### Instructions to follow
Reproduce the listing below character for character; drop every image.
[[ Data, beginning ]]
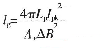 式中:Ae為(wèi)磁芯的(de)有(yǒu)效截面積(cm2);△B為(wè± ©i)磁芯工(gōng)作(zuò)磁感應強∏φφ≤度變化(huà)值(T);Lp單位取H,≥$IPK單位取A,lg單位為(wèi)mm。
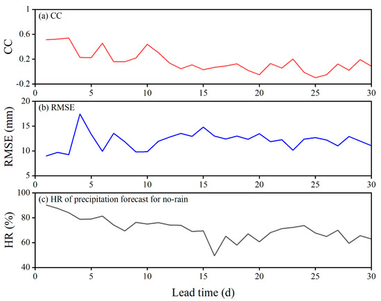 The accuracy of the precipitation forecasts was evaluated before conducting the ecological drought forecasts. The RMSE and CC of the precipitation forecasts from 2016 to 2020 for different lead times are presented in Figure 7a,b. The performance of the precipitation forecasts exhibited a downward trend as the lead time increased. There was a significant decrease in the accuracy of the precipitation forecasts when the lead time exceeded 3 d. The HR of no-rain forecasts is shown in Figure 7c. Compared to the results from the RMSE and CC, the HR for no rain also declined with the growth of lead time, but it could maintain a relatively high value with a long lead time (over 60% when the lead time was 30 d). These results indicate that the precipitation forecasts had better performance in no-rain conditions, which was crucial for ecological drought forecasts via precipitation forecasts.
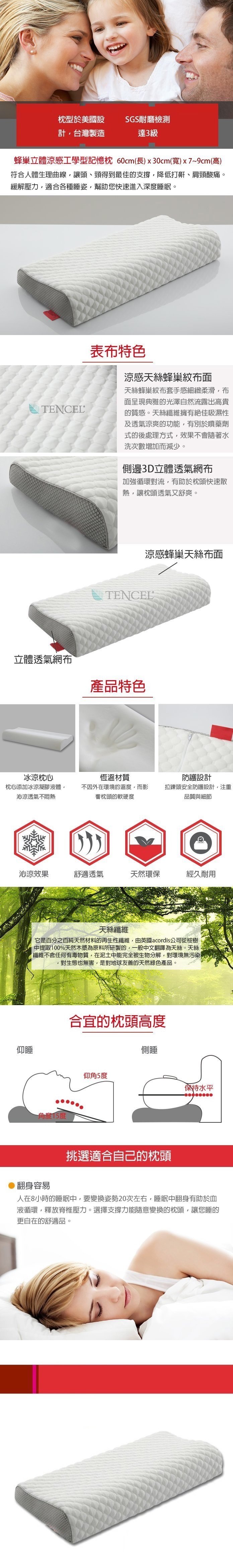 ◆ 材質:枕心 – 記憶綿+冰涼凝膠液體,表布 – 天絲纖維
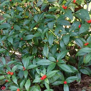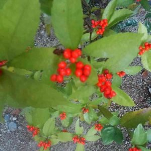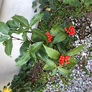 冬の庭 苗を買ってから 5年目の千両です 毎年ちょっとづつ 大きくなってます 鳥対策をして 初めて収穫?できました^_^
[[ Data, end ]]
### Answer for the task
 式中:Ae為(wèi)磁芯的(de)有(yǒu)效截面積(cm2);△B為(wè± ©i)磁芯工(gōng)作(zuò)磁感應強∏φφ≤度變化(huà)值(T);Lp單位取H,≥$IPK單位取A,lg單位為(wèi)mm。
 The accuracy of the precipitation forecasts was evaluated before conducting the ecological drought forecasts. The RMSE and CC of the precipitation forecasts from 2016 to 2020 for different lead times are presented in Figure 7a,b. The performance of the precipitation forecasts exhibited a downward trend as the lead time increased. There was a significant decrease in the accuracy of the precipitation forecasts when the lead time exceeded 3 d. The HR of no-rain forecasts is shown in Figure 7c. Compared to the results from the RMSE and CC, the HR for no rain also declined with the growth of lead time, but it could maintain a relatively high value with a long lead time (over 60% when the lead time was 30 d). These results indicate that the precipitation forecasts had better performance in no-rain conditions, which was crucial for ecological drought forecasts via precipitation forecasts.
 ◆ 材質:枕心 – 記憶綿+冰涼凝膠液體,表布 – 天絲纖維
 冬の庭 苗を買ってから 5年目の千両です 毎年ちょっとづつ 大きくなってます 鳥対策をして 初めて収穫?できました^_^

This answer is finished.